_Work request_: When copying the data below, keep only the lines from the one with "The physical and" through the one with "Above: Telford House, Riverside", word for word, and skip the pictures.

_Records supplied_:
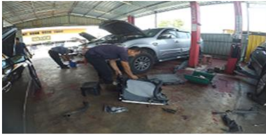
FIGURE 2. Observation at the workshop
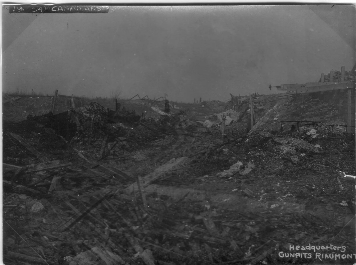
Headquarters, Gunpits Riaumont
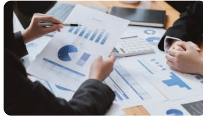
Wealth Management Associate
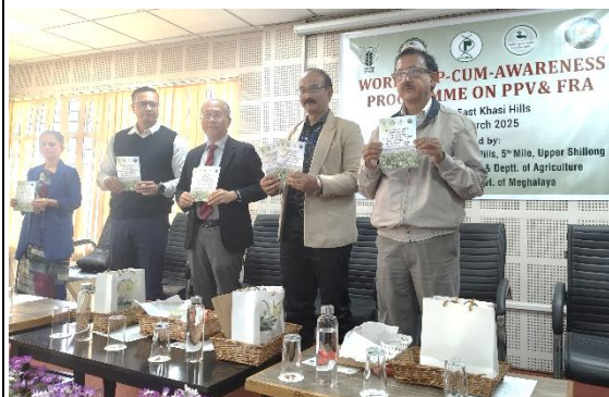
Release of a publication by dignitaries
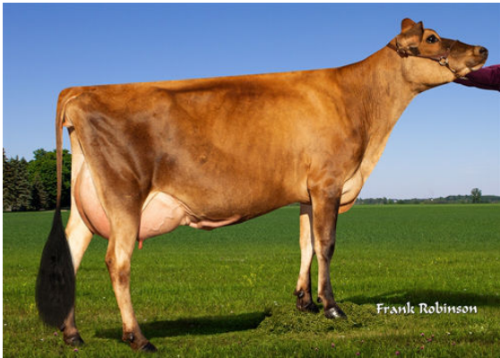
JX VIERRA GYSPY {4}
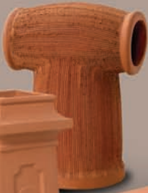
★ Belair ★ 29" Tall
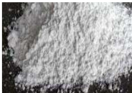
Figure 2 Marble powder

The physical and chemical properties test are done is shown table 2 and table 3 respectively. Concrete Mix Design
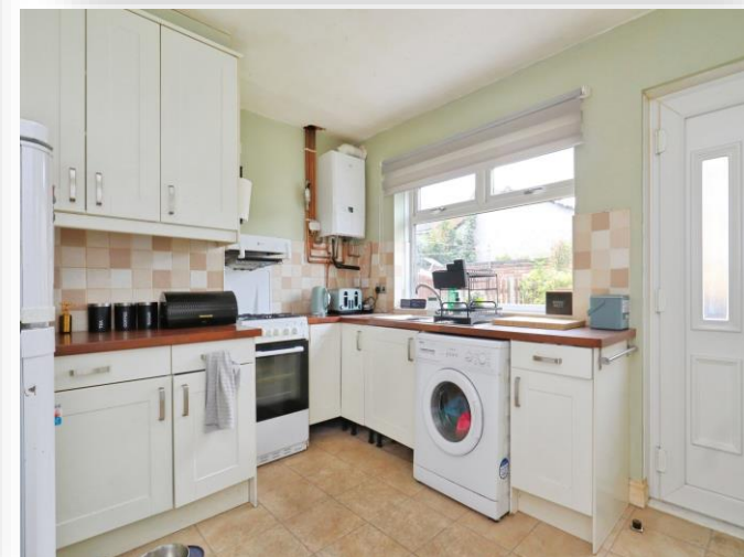
Westbury Place North, Leeds LS10 3DE
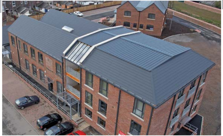
Above: Telford House, Riverside View, Carlisle. Meta-SlatePlus roofing system to a conversion of an existing building.

The screws are fixed through the overlap between panels so that the screw is driven through two thicknesses of the metal top sheet (fixed at a maximum of one per metre of panel length). The frequency of fixing can be increased around the edges of the installation or where special detailing is required.

_Expected output_:
The physical and chemical properties test are done is shown table 2 and table 3 respectively. Concrete Mix Design
Westbury Place North, Leeds LS10 3DE
Above: Telford House, Riverside View, Carlisle. Meta-SlatePlus roofing system to a conversion of an existing building.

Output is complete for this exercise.